■ **Exercise directions**
Return the lines beginning at the one that contains "高さ:約7cm 横幅:約7.5cm 奥行:約6cm" and running to the end of the records, exactly and with nothing else. Omit pictures.

■ **Source material**

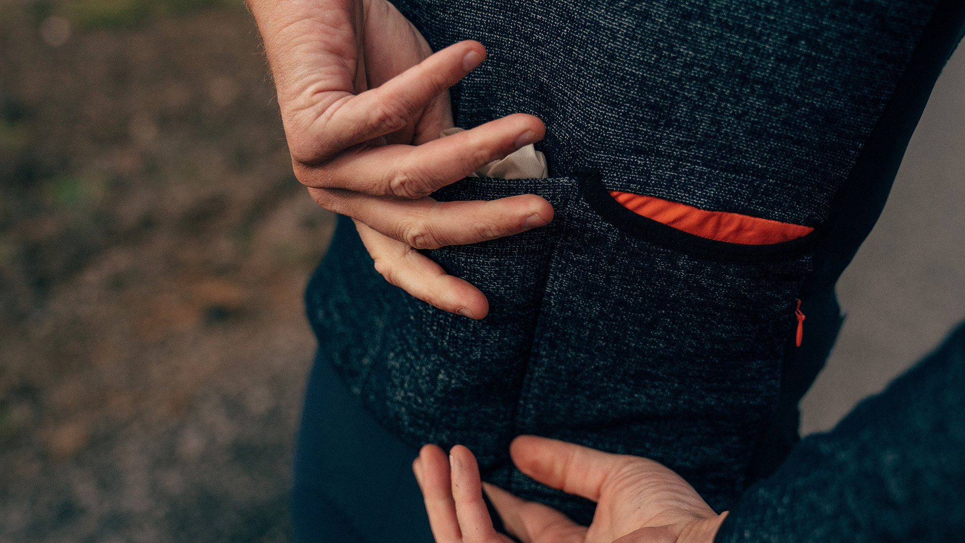 The jersey features a full zip with guard, a zip pocket for valuables and three cargo pockets which offer ample storage and are cut with a convex design to reveal a contrasting red lining.
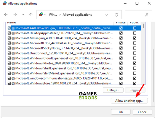 - Als u het spel niet in de lijst vindt, drukt u op deEen andere app toestaanknop onderaan.
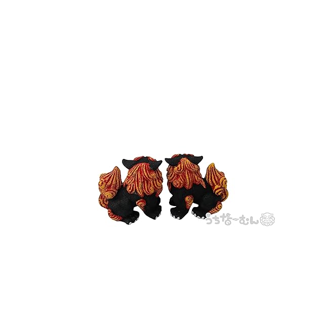 高さ:約7cm 横幅:約7.5cm 奥行:約6cm シーサーとは、沖縄県の魔除けや悪霊を払うと言われている獅子の像のことです。 向かって右が口を開けた雄、左が口を閉じた雌とされています。 口を開けている「雄」は、悪霊に噛みつき追い払う役割、口を閉じている「雌」は、幸せを逃さない役割があるとされています。
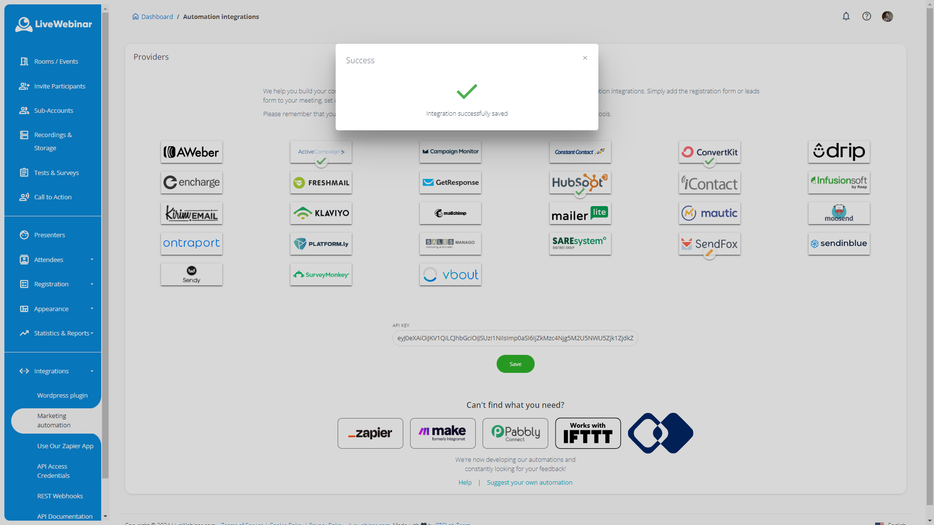 Copy the API key and paste it into LiveWebinar. Next, click on “Save” button.
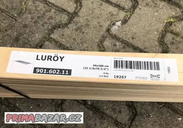 Dva kusy úplně nových roštů LURÖY se zakřivenými lamelami.
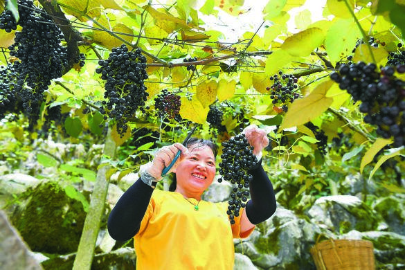“今年毛葡萄刚刚销售完毕,总产量超13万公斤,产值约80万元。”基地负责人、“90后”返乡创业大学生蓝钧说,毛葡萄生命力旺盛,向下扎根、向上攀爬,一株甚至可覆盖1亩石山,可有效防止水土流失。
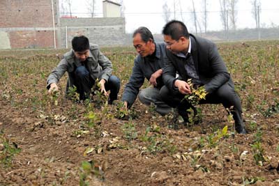 日前,记者在军店镇了解到,截至目前,该镇累计种植核桃9696亩(均为薄壳核桃),挂果面积2366亩,年产量达15.1吨,其中中村核桃示范园面积达5400亩,挂果面积1066亩,年产量达8.5吨。图为相关技术人员正在军店镇核桃育苗基地察看核桃幼苗生长状况。
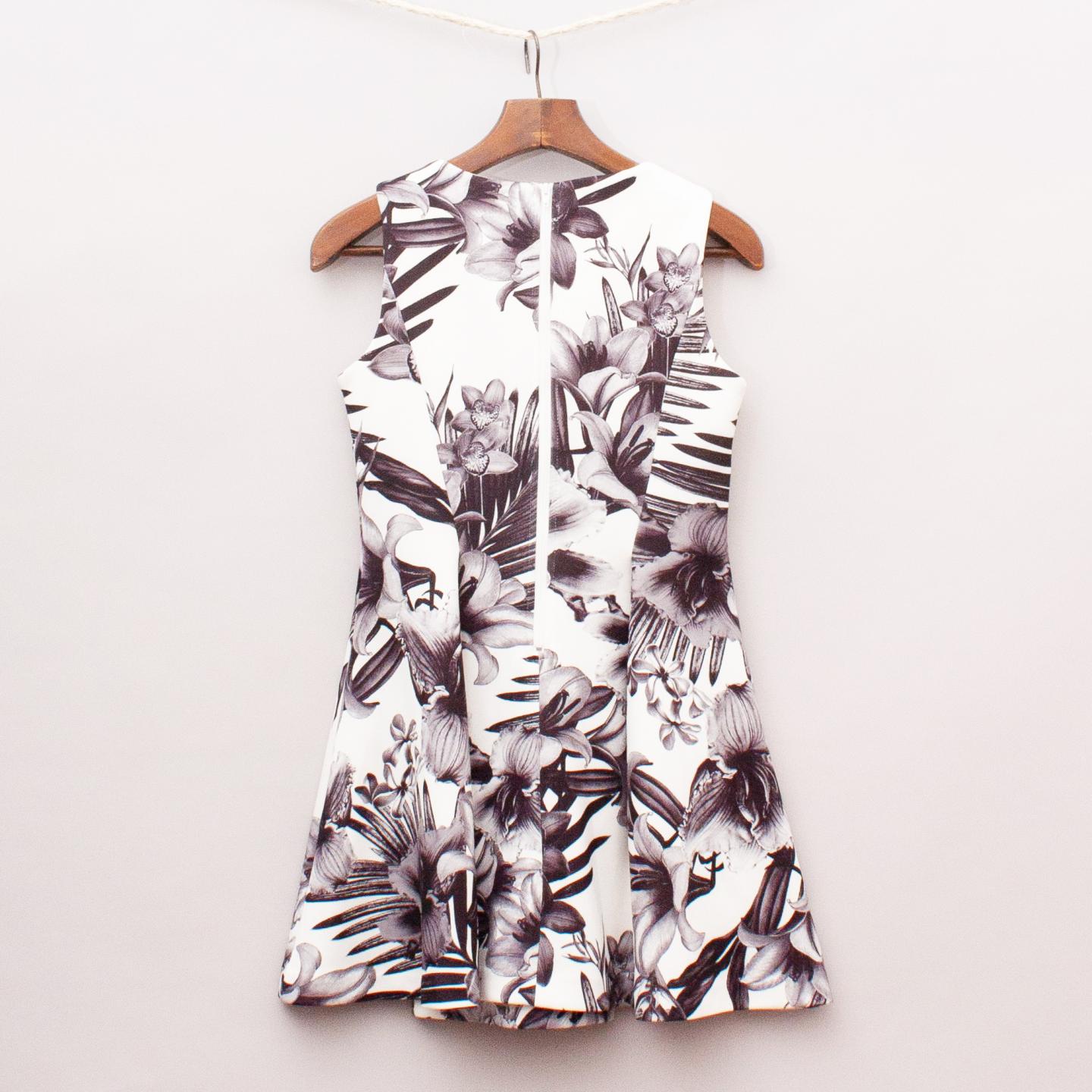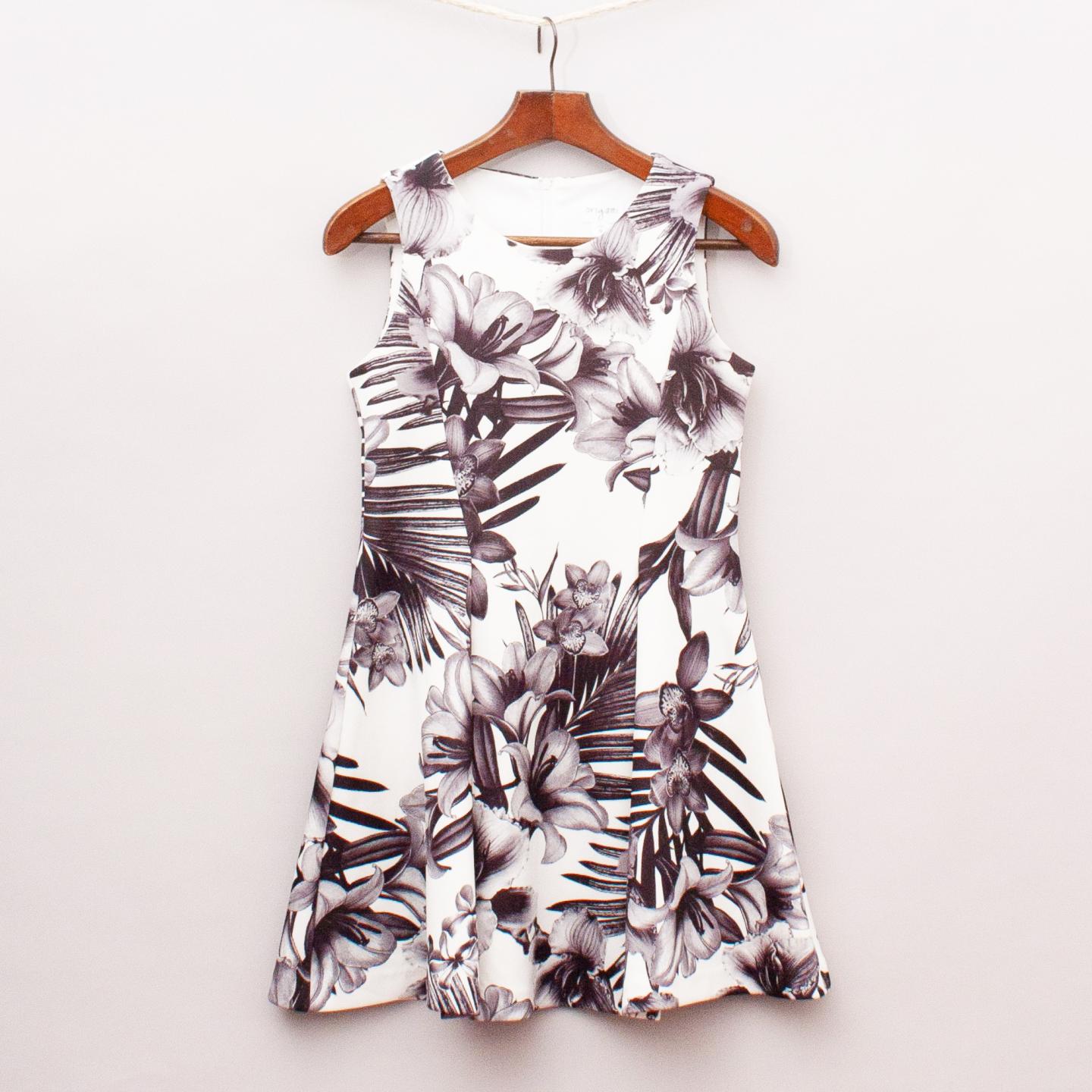 Origami white and grey floral patterned fitted dress with soft pleated panelling, double bonded fabric and full zip back closure
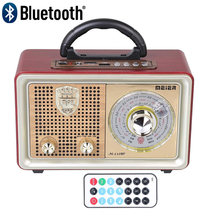 Meier® τηλεχειριζόμενο ασύρματο Bluetooth Multimedia ηχείο Mp3 player και παράλληλα ρετρό κλασσικό ραδιόφωνο που ενσωματώνει θύρες για USB, SD και AUX Input.

■ **Written solution**
 高さ:約7cm 横幅:約7.5cm 奥行:約6cm シーサーとは、沖縄県の魔除けや悪霊を払うと言われている獅子の像のことです。 向かって右が口を開けた雄、左が口を閉じた雌とされています。 口を開けている「雄」は、悪霊に噛みつき追い払う役割、口を閉じている「雌」は、幸せを逃さない役割があるとされています。
 Copy the API key and paste it into LiveWebinar. Next, click on “Save” button.
 Dva kusy úplně nových roštů LURÖY se zakřivenými lamelami.
“今年毛葡萄刚刚销售完毕,总产量超13万公斤,产值约80万元。”基地负责人、“90后”返乡创业大学生蓝钧说,毛葡萄生命力旺盛,向下扎根、向上攀爬,一株甚至可覆盖1亩石山,可有效防止水土流失。
 日前,记者在军店镇了解到,截至目前,该镇累计种植核桃9696亩(均为薄壳核桃),挂果面积2366亩,年产量达15.1吨,其中中村核桃示范园面积达5400亩,挂果面积1066亩,年产量达8.5吨。图为相关技术人员正在军店镇核桃育苗基地察看核桃幼苗生长状况。
 Origami white and grey floral patterned fitted dress with soft pleated panelling, double bonded fabric and full zip back closure
 Meier® τηλεχειριζόμενο ασύρματο Bluetooth Multimedia ηχείο Mp3 player και παράλληλα ρετρό κλασσικό ραδιόφωνο που ενσωματώνει θύρες για USB, SD και AUX Input.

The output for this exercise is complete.